While VULs offer investors an exciting investment opportunity, they also carry significant risks. Like other investments, they’re subject to market fluctuations and the possibility of loss; before making any decisions involving VULs investors should thoroughly research and consult their financial advisor on its features and fees in order to make informed choices suited for their personal situation. Furthermore, investors should review all contract provisions regarding termination as well as language differences so an estate planning attorney may help interpret any complex clauses.
They are a tax-free retirement plan
Variable insurance trusts can be an excellent tool to help you reach your financial goals. They combine the security of life insurance with investment potential for growth opportunities, making them perfect for family protection or planning retirement as a supplement to 401(k)/IRA contributions.
Investment options provided through LifeLong Income Plans vary across asset classes and investment styles, with flexible structures enabling you to customize them to meet your goals, time horizon, risk tolerance and retirement timeline. It provides protection benefits, lifelong income streams and optional living benefits; performance is subject to market forces so its value could increase or decrease over time.
VUL policies are typically tailored to meet the life insurance needs of high-income earners and retirees, who typically possess greater investment resources and may need greater protection. While these policies can be complex and riskier than other forms of life insurance, they offer investors opportunities for wealth building through accessing investments as well as being useful tools for moving assets in an tax-efficient manner.
Lifetime annuity insurance may be an ideal solution for individuals who have reached their 401(k) and IRA contribution limits, providing additional growth potential from investments.

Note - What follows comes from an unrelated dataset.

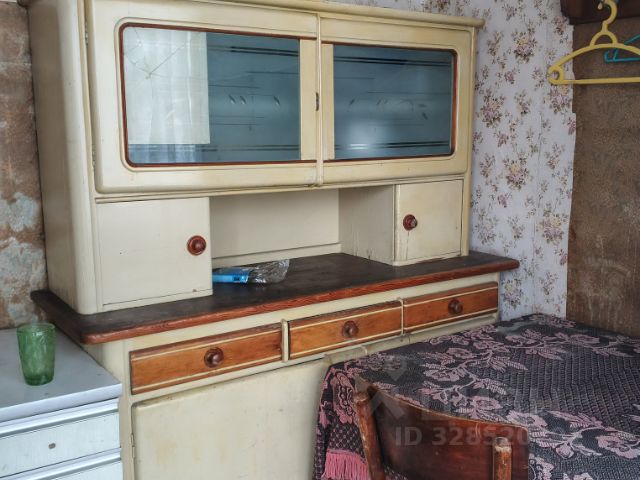 В доме две комнаты - одна комната наверху, одна внизу, кухня и застекленная веранда. Мебель в доме на первом этаже (наверху комната пустая, при необходимости можно перенести нужную мебель): 3 кровати - две двуспальные и одна односпальная (из них - одна двухспальная кровать находится на веранде), два шкафа, кухонная мебель, стол обеденный, холодильник, двухконфорочная электрическая плита, микроволновка, набор посуды,тепловой электрообогреватель, телевизор, стиральная машина, дачная мебель (пластиковые стулья, стол, зонт от солнца). Электричество есть, газа нет, колодец на участке, санузел в доме, горячая вода в доме. (два отдельных помещения - туалет и душ, водонагреватель).

But before making such a commitment it is important to determine whether this coverage will last throughout your entire lifespan.
Variable universal life insurance provides you with the ability to combine investment flexibility with the security of a permanent death benefit, making it a good way to transfer wealth tax-efficiently while protecting against inflation. While its high growth potential could yield substantial gains, its downsides include complexity and greater levels of risk.
This page’s information is designed to help you better understand the investment objectives, risks, charges and expenses of Guggenheim Investments variable insurance funds. Please refer to their prospectuses for additional details; investors should seek guidance from their investment or insurance professional when selecting variable life or annuity products with applicable underlying funds that fit their personal circumstances.